The major portion of the battalion moved into the Bois de Fleury near Beaumont on 15
September and the next day the rains came. For twelve days without stop the downpour continued. An
early fall had come to the Moselle and with it had come a stalemate.
Strong patrols probed the fortress outposts. In slugging matches, while in support of the 359th,
Company C suffered 10 casualties at Gravelotte on the 26-27 September. On 3 October a jeep and trailer
load of mines exploded near Pierrevillers killing seven men of Company A.
Continuing rains and the heavy traffic turned roads and trails into ribbons of mud and turned the
battalion bivouac, in Bois de Fleury, into a wooded bog. For almost two months the engineer battle was
conducted from this "Fort Quagmire".
Road work was of first importance but other projects quickly developed. A mock up of a portion
of Fort Jeanne d'Arc was constructed for practice assault work. Then a tank transported moat bridge was
fabricated. Experiments with the conger, the snake and large shaped charges were conducted in a
captured Maginot Line section west of Thionville.
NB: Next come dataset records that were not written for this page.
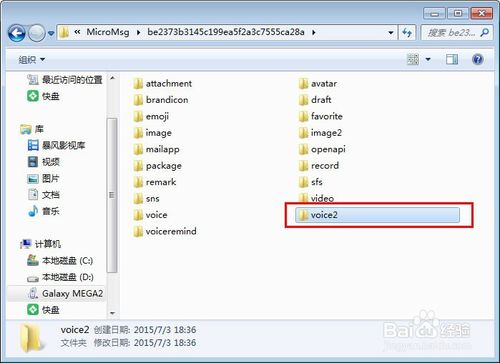 1将手机连接到电脑上,然后你会在电脑上看到手机所在位置的盘符。我的手机是三星手机。插上电脑后会看到一个Galaxy MegA2的图标,双击打开。然后在手机盘符下输入“Tencent \ micromasg”,我们看到这里有三个32字名字的文件夹,也就是说这个手机上已经登录了三个微信号,我们点击任意一个打开。
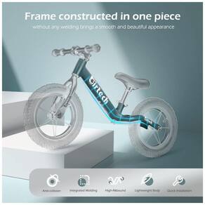 ESTRUTURA DE NYLON INTEGRADA Construída em grau aeronáutico PA6 e moldagem integrada de fibra de vidro, a estrutura construída em uma peça sem qualquer soldagem traz uma aparência suave e bonita. A estrutura de náilon é resistente e leve, pesa cerca de 2,9 quilogramas, o design leve da estrutura da bicicleta torna a bicicleta mais fácil de controlar para as crianças.
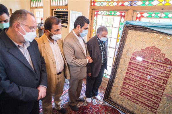 وی اضافه کرد:در این مراسم از اثر فاخر سرمه دوزی آیت الکرسی که در مدت سه سال توسط خانم حاتمی بافته شده است،رونمایی شد، در این اثر فاخر بیش از 10 کیلو و 800 گرم سرمه و مروارید بکار رفته است.
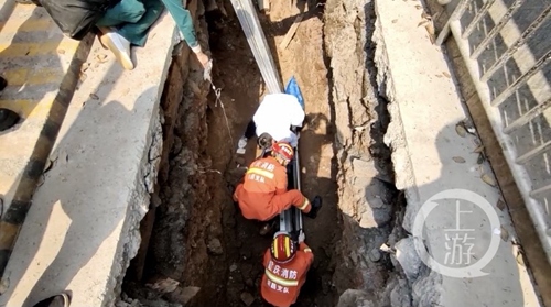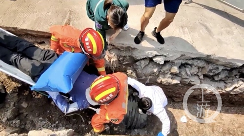 9日下午1點26分,榮昌消防救援支隊接到報警稱,在昌元街道一小區(qū)門口,有人不慎墜入正在施工的下水道深坑中。
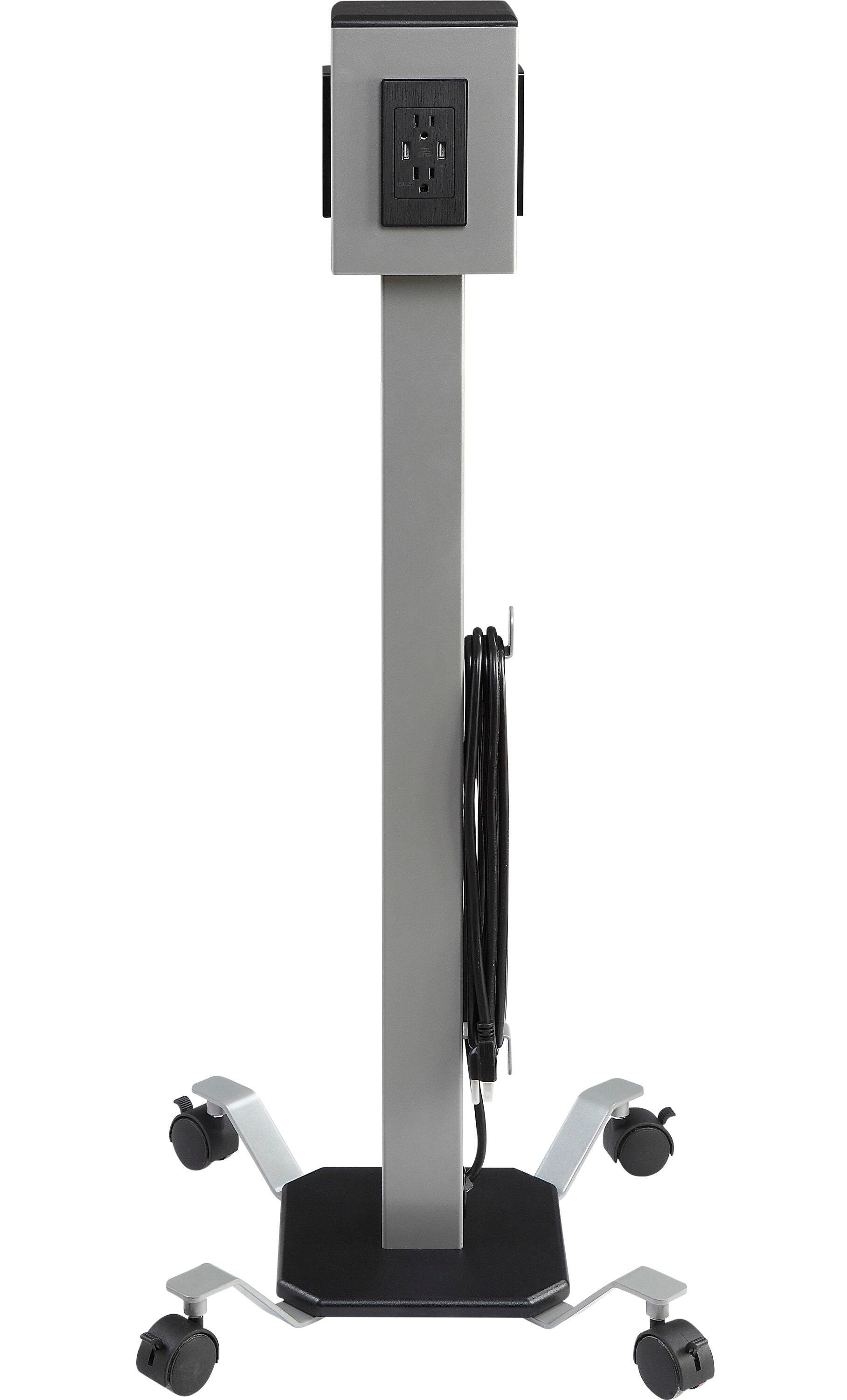 Mobile Power Tower delivers flexible options for your team. It includes eight AC outlets and eight USB outlets. Durable steel frame includes a cord winder for 10 foot power cable with a three prong plug. Four lockable wheel casters roll smoothly to move the tower where you need it most. 5 year limited warranty.
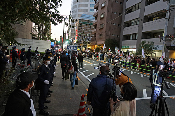 中国大使館前です。
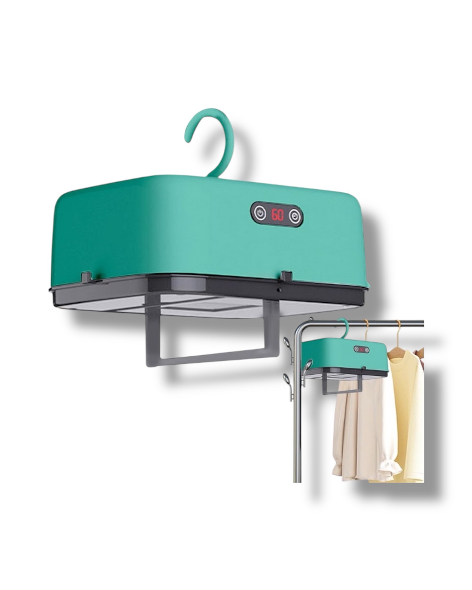 Secador práctico y compacto, ideal para espacios reducidos como departamentos, baños o balcones. Su diseño plegable permite un fácil almacenamiento y su gancho resistente facilita colgarlo en diversas superficies.
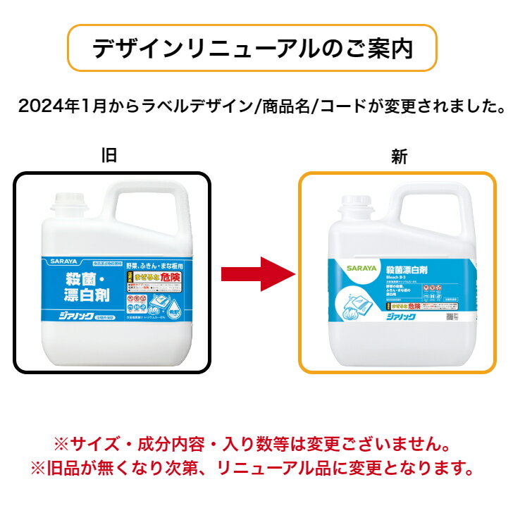 サラヤ 殺菌・漂白剤 ジアノック 5kg×3個(ケース販売)/次亜塩素酸ナトリウム5~6%の食品添加物殺菌料/送料無料/サラヤ/SARAYA/ まな板やふきんの除菌・漂白、野菜の殺菌/排泄物・嘔吐物の処理 メーカー:サラヤ(SARAYA)食品添加物殺菌料。まな板やふきんの除菌・漂白、野菜の殺菌に。調理器具やふきんの除菌・漂白や野菜の殺菌に。次亜塩素酸ナトリウム5〜6%の食品添加物殺菌料です。 商品詳細容量:5kg×3個使用期限:無 目安(未開封):製造より2年注意事項※商品パッケージや仕様は予告なく変更される場合がありますので予めご了承ください。※複数店舗で販売の為、表記している在庫と実在庫は異なる場合がございます。予めご了承下さい。 2
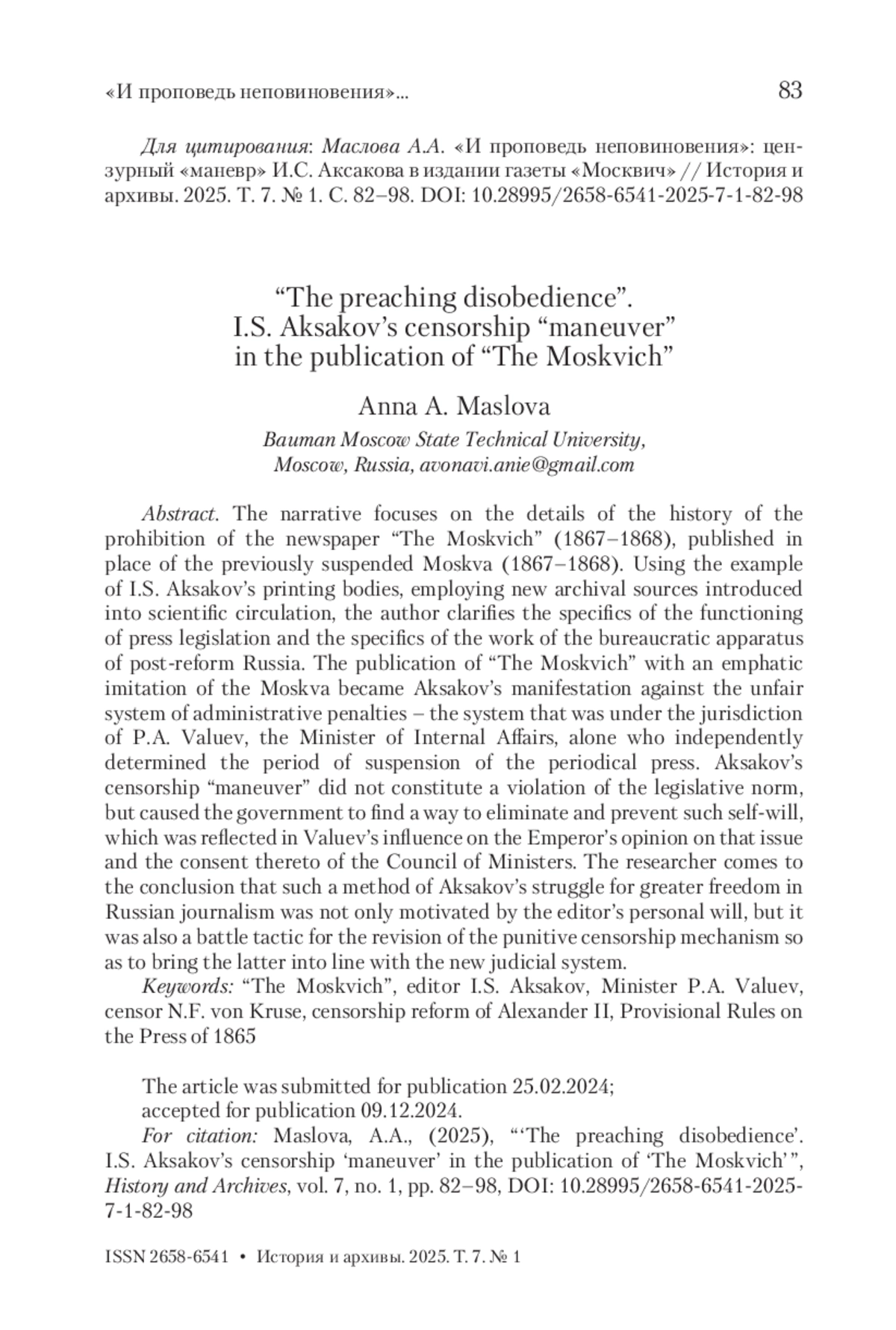 В центре повествования – подробности истории запрещения газеты «Москвич» (1867–1868), издаваемой взамен приостановленной ранее «Москвы» (1867–1868). На примере печатных органов И. С. Аксакова, используя новые вводимые в научный оборот архивные источники, автор проясняет специфику функционирования законодательства о печати и особенности работы бюрократического аппарата пореформенной России. Издание «Москвича» с подчеркнутым подражанием «Москве» стало манифестацией Аксакова против несправедливой системы административных взысканий, которая находилась в ведении одного только министра внутренних дел П. А. Валуева, самостоятельно определяющего срок приостановки органов периодической печати. Цензурный «маневр» Аксакова не представлял собой нарушение законодательной нормы, но вызвал необходимость правительства найти способ ликвидировать и предотвратить подобное своеволие, что выразилось во влиянии Валуева на мнение императора по данному вопросу и согласии с ним Совета министров. Исследователь приходит к выводу, что этот метод борьбы Аксакова за расширение свободы российской журналистики был обусловлен не только личной мотивацией редактора, но также являлся тактикой сражения за пересмотр механизма карательной цензуры и приведение его в соответствие с новой судебной системой.

As the cool rains of autumn gave way to the cold rain and wind of winter the battalion
dismantled a large number of prefabricated hutments in the Maginot area. After hauling them into the
regimental zones they were erected behind the front lines near Doncourt and St Marcel for use by the
infantry and in "Fort Quagmire", the prefabs rapidly replaced the rain soaked pup tents.
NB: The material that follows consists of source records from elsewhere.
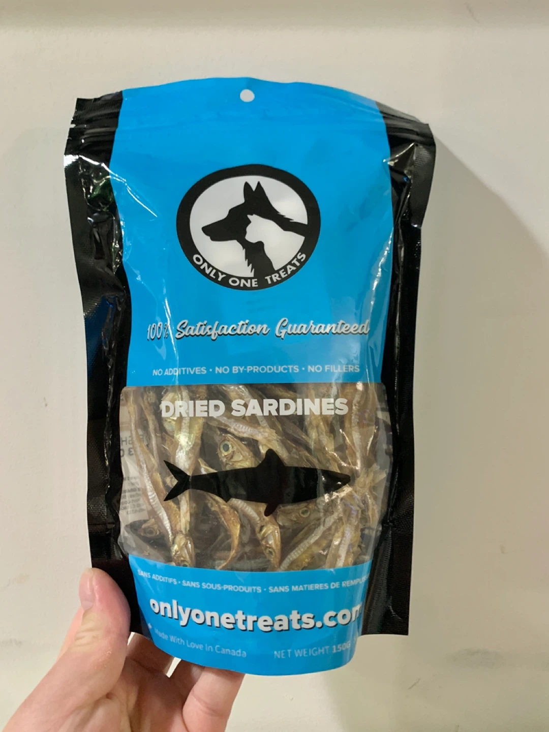 Selling a bag of Only One Treats Dried Sardines for dogs. They are 100% satisfaction guaranteed, with no additives, by-products, or fillers. Your pets deserve the best! Net weight is 150g / 5.3 oz
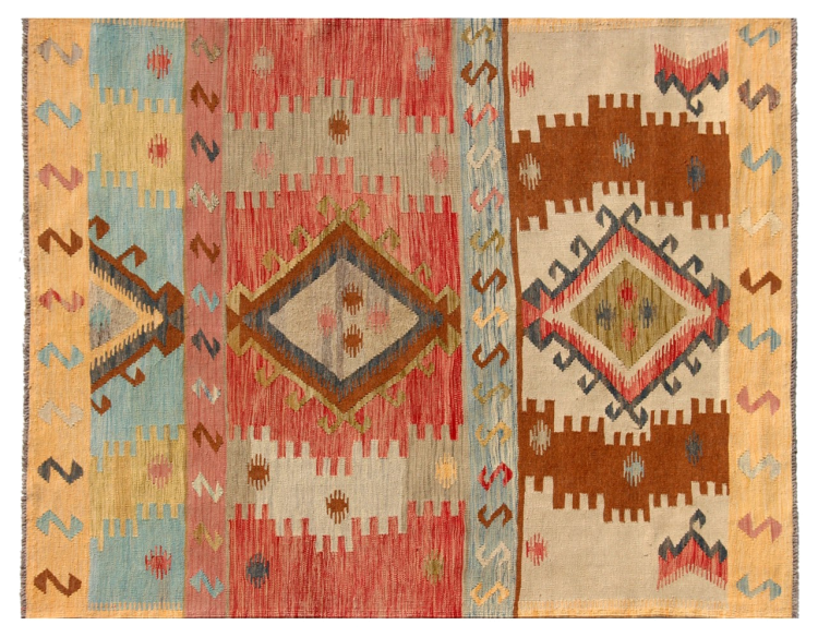 この絨毯は、平織りとして織機で手作業で作られたものです。フラットウィーブとは、パイルのないカーペットを指す言葉です。その名の通り、この絨毯は織られていて、結び目はありません。これにより、表面が構造化されたフラットカーペットが得られる。平織りは、結び目のあるカーペットよりも柔らかくなく、通常は薄くなります。同時に、彼らは製造するためにはるかに複雑ではなく、通常は両側(表と裏)からレイアウトすることができます。彼らのパターンは通常、生地によって決定される幾何学的なものです。
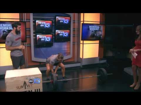 53-lb. single arm kettlebell thrusters, 14 reps (7 each arm)
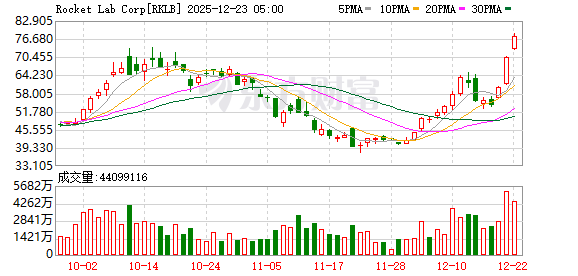 民营火箭公司火箭实验室(Rocket Lab)收涨10%,股价连续三日上涨,累计涨幅达44%,创2021年以来最佳表现。
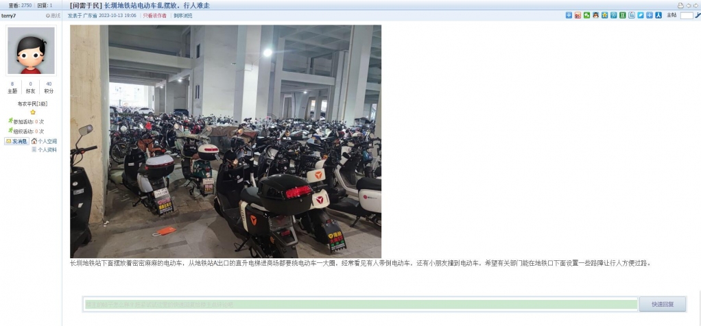 13、帖文《长圳地铁站电动车乱摆放,行人难走》
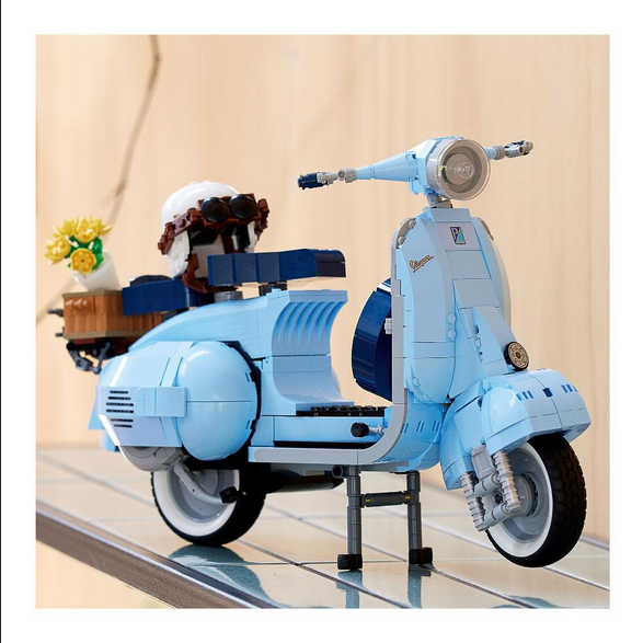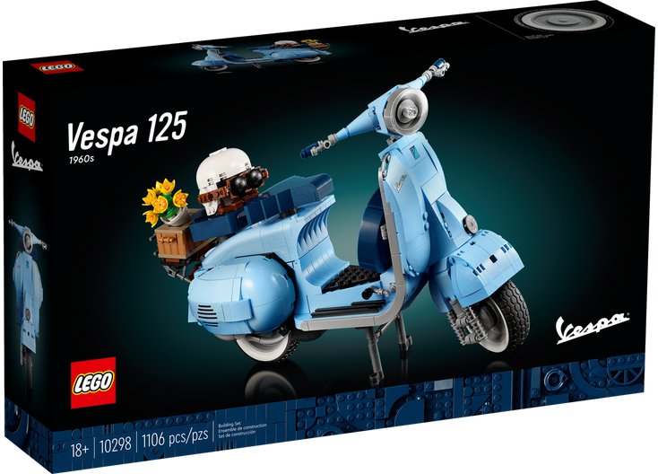 Immergiti un progetto di costruzione immersivo e di stile con questo kit per adulti del modello di Vespa 125 LEGO®. Ispirato alla classica Vespa Piaggio degli anni ‘60 azzurro pastello, questo modello presenta un colore LEGO molto raro che susciterà sicuramente l’interesse degli appassionati di costruzioni. Per celebrare il 75esimo anniversario della Vespa, i designer LEGO hanno collaborato a stretto contatto con il brand per ricreare questo straordinario modello di stile di vita rivolto ai costruttori adulti. Magnifici dettagli. Caratteristiche autentiche Come l'originale, questo modello di Vespa costruibile è caratterizzato da una ruota anteriore montata su un lato, 2 sedili, una copertura rimovibile che ricopre un motore in mattoncini, un cavalletto funzionante, così come lo sterzo. Il modello è rifinito con il logo Vespa, una classica targa italiana degli anni '60, una ruota di scorta, un casco, più un cesto di accessori sul retro che contiene un bouquet di fiori. Benvenuto nella tua zona Creatività e concentrazione per costruire la tua collezione di veicoli da sogno con modelli esclusivi, autentici, realizzati appositamente per gli adulti.

Camouflage of the huts built for the infantry was a difficult problem. In "Fort Quagmire the
falling leaves left bare the rooftops and the vehicle parks. The garnished nets had been the old standby
against aerial observation but here the problem was much greater. Again materials from the Maginot
Line were employed. Various types of wire netting with clay and metal garnishings were effectively
used. Furnishings such as beds, tales and chairs and even items from Hitler's own suite in the vast
underground Maginot city were brought up and moved to complete the barracks of "Quagmire".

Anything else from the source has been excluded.